» Data provided
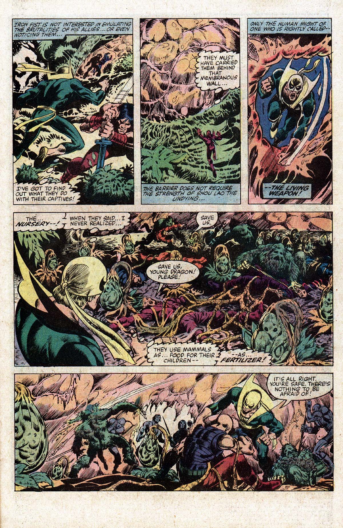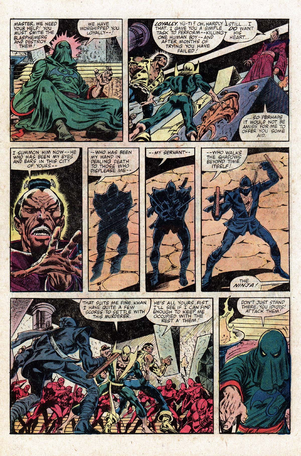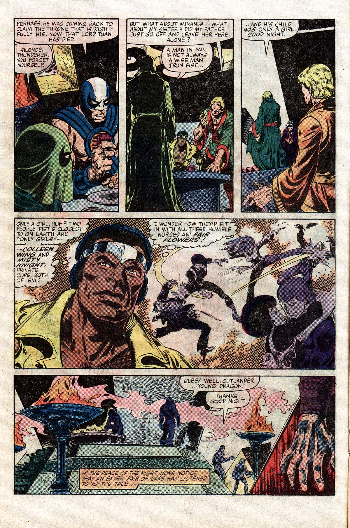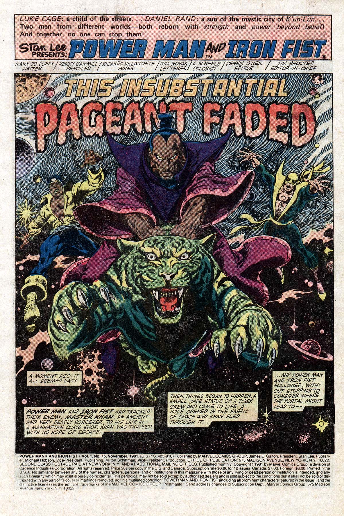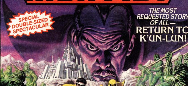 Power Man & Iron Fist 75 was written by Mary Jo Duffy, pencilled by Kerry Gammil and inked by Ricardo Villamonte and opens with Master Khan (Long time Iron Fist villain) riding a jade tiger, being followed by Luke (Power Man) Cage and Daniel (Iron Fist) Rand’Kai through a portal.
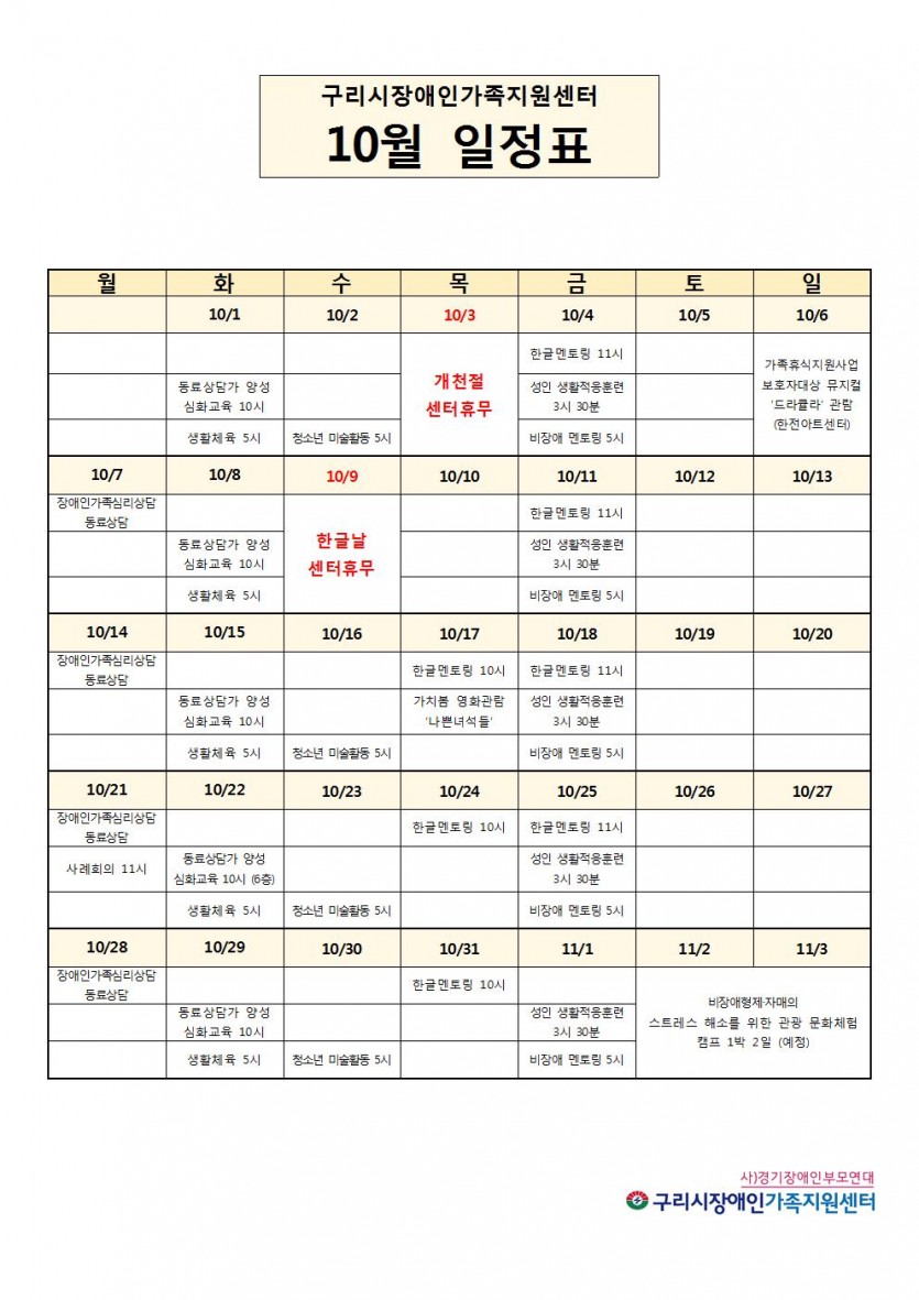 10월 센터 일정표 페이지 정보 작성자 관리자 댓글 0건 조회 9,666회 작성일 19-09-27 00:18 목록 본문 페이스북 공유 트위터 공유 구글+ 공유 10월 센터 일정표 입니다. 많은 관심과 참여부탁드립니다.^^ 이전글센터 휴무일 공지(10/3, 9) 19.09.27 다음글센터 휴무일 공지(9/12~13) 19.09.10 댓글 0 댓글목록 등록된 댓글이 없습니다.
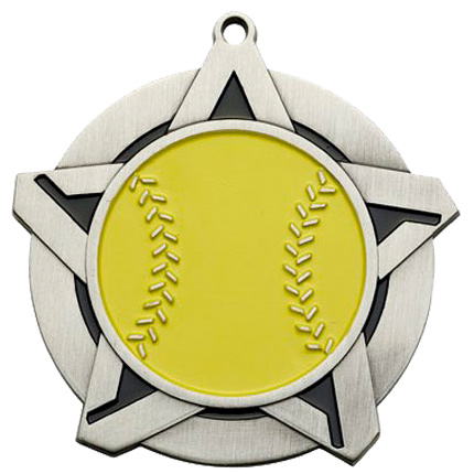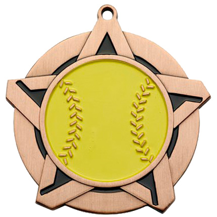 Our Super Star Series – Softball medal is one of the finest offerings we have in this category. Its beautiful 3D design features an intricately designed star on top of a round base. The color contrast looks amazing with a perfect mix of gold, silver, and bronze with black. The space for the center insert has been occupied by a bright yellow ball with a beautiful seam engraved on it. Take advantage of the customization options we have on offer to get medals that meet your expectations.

» What to work on
An exact repeat of the listing above, pictures excluded, is the answer.

» Result of the exercise
 Power Man & Iron Fist 75 was written by Mary Jo Duffy, pencilled by Kerry Gammil and inked by Ricardo Villamonte and opens with Master Khan (Long time Iron Fist villain) riding a jade tiger, being followed by Luke (Power Man) Cage and Daniel (Iron Fist) Rand’Kai through a portal.
 10월 센터 일정표 페이지 정보 작성자 관리자 댓글 0건 조회 9,666회 작성일 19-09-27 00:18 목록 본문 페이스북 공유 트위터 공유 구글+ 공유 10월 센터 일정표 입니다. 많은 관심과 참여부탁드립니다.^^ 이전글센터 휴무일 공지(10/3, 9) 19.09.27 다음글센터 휴무일 공지(9/12~13) 19.09.10 댓글 0 댓글목록 등록된 댓글이 없습니다.
 Our Super Star Series – Softball medal is one of the finest offerings we have in this category. Its beautiful 3D design features an intricately designed star on top of a round base. The color contrast looks amazing with a perfect mix of gold, silver, and bronze with black. The space for the center insert has been occupied by a bright yellow ball with a beautiful seam engraved on it. Take advantage of the customization options we have on offer to get medals that meet your expectations.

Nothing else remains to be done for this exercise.